Feb. 4 (Bloomberg) -- A measure of job prospects in the U.S. fell in January for the first time in four months as more Americans said jobs were harder to get.

The Conference Board’s Employment Trends Index decreased 0.1 percent to 109.38 from the prior month’s revised reading of 109.47, the New York-based private research group said today. The measure increased 2.7 percent from January 2012.

Today’s report follows Labor Department figures released last week that showed the U.S. labor market was healthier than first estimated. Better employment opportunities would help insulate consumers from higher taxes and lift the household spending that drives the economy.

“Despite the dip in January, the Employment Trends Index continues to signal a moderate improvement in the labor market,” Gad Levanon, director of macroeconomic research at the Conference Board, said today in a statement. Still, “this rapid pace of improvement in hiring may not continue in the coming months.”
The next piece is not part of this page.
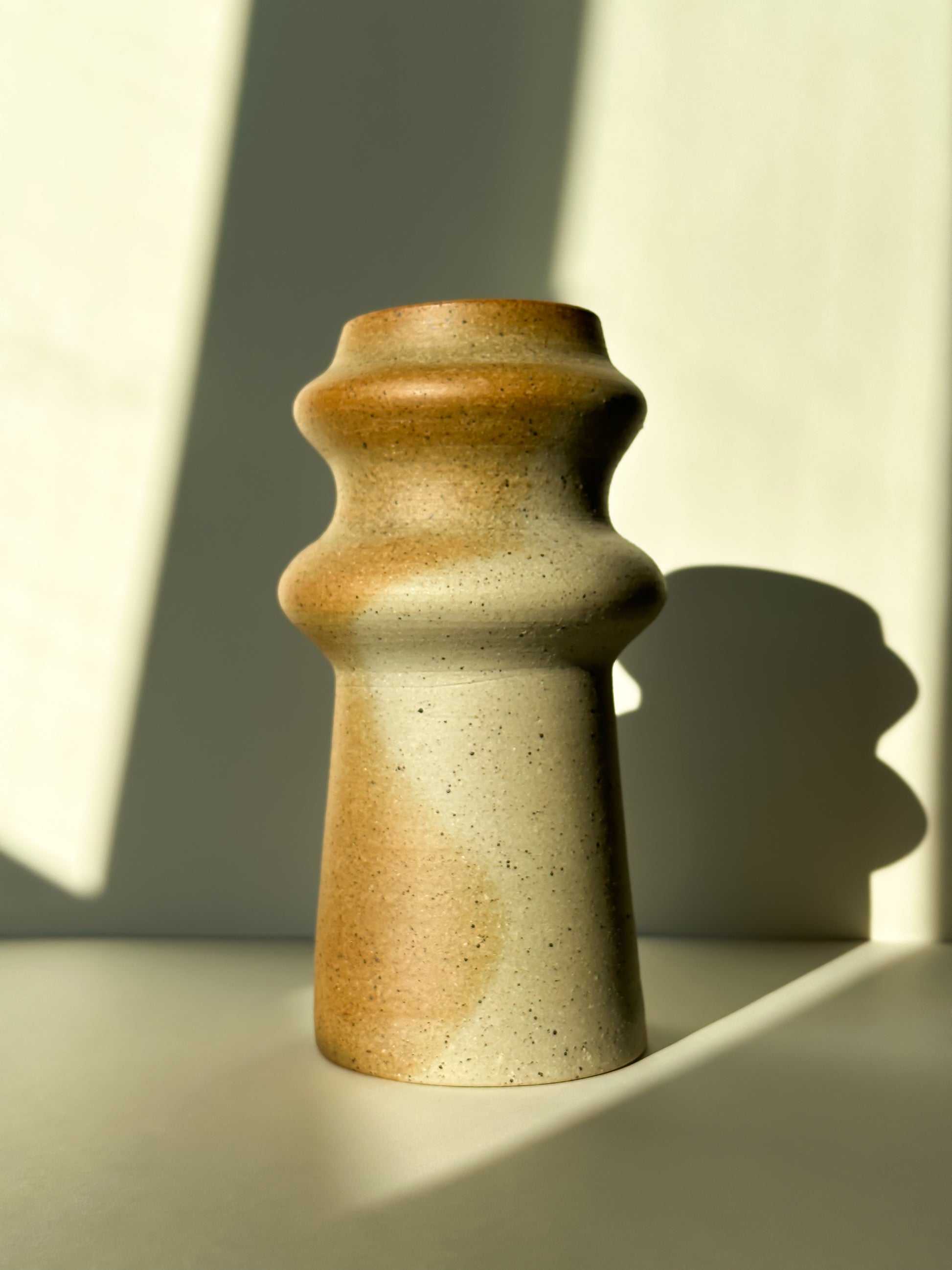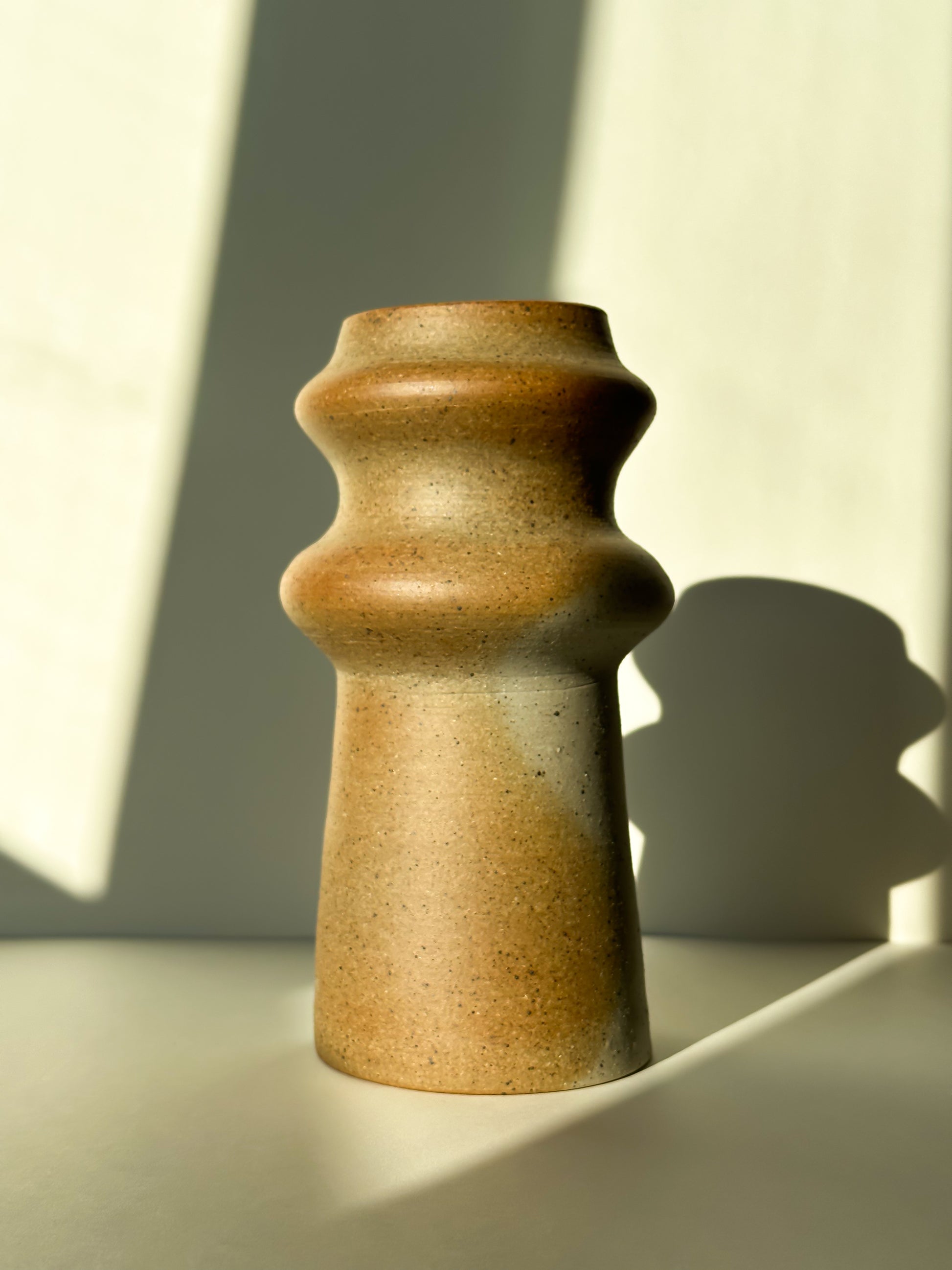 A hand-thrown vase with a brown glazed interior and un-glazed exterior, fired in a gas reduction kiln, with a stoneware clay body.

Employers added 157,000 workers to payrolls in January after hiring a revised 196,000 the month before and 247,000 in November, according to Labor Department figures released Feb. 1. Revisions added a total of 127,000 jobs to the count in the last two months of 2012. The unemployment rate unexpectedly rose to 7.9 percent from 7.8 percent.

The Employment Trends Index aggregates eight labor-market indicators to forecast short-term hiring trends. On average, it can signal a rebound in hiring as little as three months before the fact and can predict job declines six to nine months in advance, the Conference Board said.

Weakening in six of the index’s eight components contributed to the decrease in the overall gauge, today’s report showed. In addition to those saying jobs were harder to get, there were fewer job openings, while a greater share of Americans said they were working part-time positions even though they desired full-time employment.